По предположению рязанского краеведа В. Башкова, пономарь Казанской церкви Иван Петрович Ануров состоял в дальнем родстве с Есениными. Кроме того, как мы уже говорили, дед Сергея Есенина Федор Андреевич Титов был благотворителем Казанской церкви и почитался духовенством. Поэтому его внучок Сережа всегда мог вдоволь насмотреться с колокольни на приокские дали, на чудесную колокольню Иоанно-Богословского монастыря, на родное село, лежащее внизу как на ладошке. Пузырилась от ветра у мальчишки рубашонка, но весело и радостно обозревал он родную окрестность. А в праздники звонил в колокола. Иван Петрович брался за крепкие пеньковые веревки, привязанные к самым тяжелым колоколам, а Сергунька хватался за веревочки колоколов полегче. И, медленно раскачивая их языки, пономарь и его юный помощник начинали музыкальный звон, который разносился окрест и будил в людях мысли о душе, о вечности, о Боге…
«Бом-м-м! Бом-м-м!» – гудели тяжелые колокола Ивана Петровича. «Тили-тили, тили-тили» – вторили им Сережины. Есенин полюбил колокольный звон, о котором впоследствии написал:
Колокол дремавшийРазбудил поля,Улыбнулась солнцуСонная земля.Екатерина Александровна вспоминала: «С церковью с колокольным звоном была тесно связана жизнь нашего села. Зимой, в сильную метель, когда невозможно было выйти из дома, раздавались редкие и сильные удары большого колокола. Буйные порывы ветра разрывали и разбрасывали мощные звуки. Они тревожно дрожали, и на душе от них становилось тяжело и грустно. Невольно думалось о путниках, застигнутых в поле или в лугах непогодой, сбившихся с дороги. Это им, оказавшимся в беде, посылал свою помощь большой колокол.
Этот же колокол извещал и о другой беде – о пожарах, но не в нашем, а в соседнем селе. Тогда удары его в один край часты и требовательны…
В воскресенье и праздничные дни этим колоколом сзывали народ к обедне и всенощной.
О пожаре в нашем селе извещал колокол средний. Звук какой-то жалобный, безпокойный. Чтобы бить в него, не нужно подниматься на колокольню, к его языку была привязана веревка, спадающая вниз на землю.

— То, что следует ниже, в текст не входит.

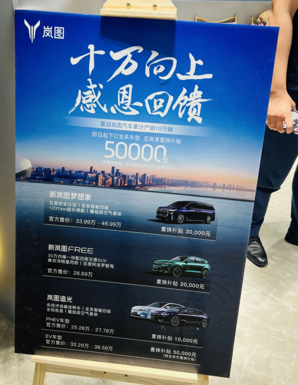 岚图汽车也针对旗下的全系车型推出了置换补贴,其力度空前。例如,如消费者购买岚图追光的EV版车型,最高可以享受5万元的置换补贴。
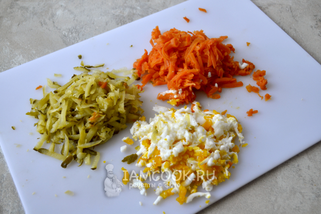Натрите на средней терке маринованные огурцы, морковь, яйца. Половину целой моркови оставьте для украшения салата.

В сильные пожары били попеременно то в большой, то в средний колокол, и такие удары создавали большую тревогу.
Этим же колоколом, но редкими ударами, сзывали народ к обедне и к вечерне в будние дни. Им же по ночам церковный сторож отбивал часы…
Медленным грустным перебором всех колоколов провожали человека в последний путь.
Церковь выполняла тогда обязанности загса. Здесь при крещении регистрировался и получал имя каждый новорожденный, при венчании регистрировались браки, при отпевании регистрировали умерших».
Казанская церковь была для константиновских крестьян родным домом. Сюда несли они свои беды и печали, а сколько слез здесь пролито на исповедях, знают только дорогие тарусские плиты, которыми был выложен пол храма… В Казанской церкви они находили утешение в печалях, в ней духовно радовались в праздники.
Настоятель храма протоиерей Иоанн Смирнов оказал очень большое влияние на формирование православного мировоззрения Сергея Есенина. Отец Иоанн был образованный человек с чуткой, отзывчивой душой. Старожил села Константинова Н. И. Калинкин в 1970-х годах вспоминал: «Человек он был особенный. Такой простецкий мужик был, умел к человеку подойти. Со всеми запросто, по-свойски… Всегда с пониманием к людям». «Своеобразный человек, – вспоминал другой старожил, И. И. Титов, – самый просвещенный поп, которого можно предполагать в округе».
Протоиерей Иоанн Смирнов преподавал Закон Божий в Константиновском начальном училище. В нем с 1904 по 1909 год учился юный Есенин. В училище помимо Закона Божия преподавался и церковно-славянский язык, учили читать Евангелие, написанное на этом языке, и переводить его на русский. Каждому ученику выдавали «Учебный часослов». Темы классных сочинений были не только чисто крестьянские, будничные («Сенокос», «Трудовой год», «Выгон скота»), но и духовные («Храмовый праздник», «Путешествие в Богословский монастырь», «Встреча Пасхи», «Троицын день»).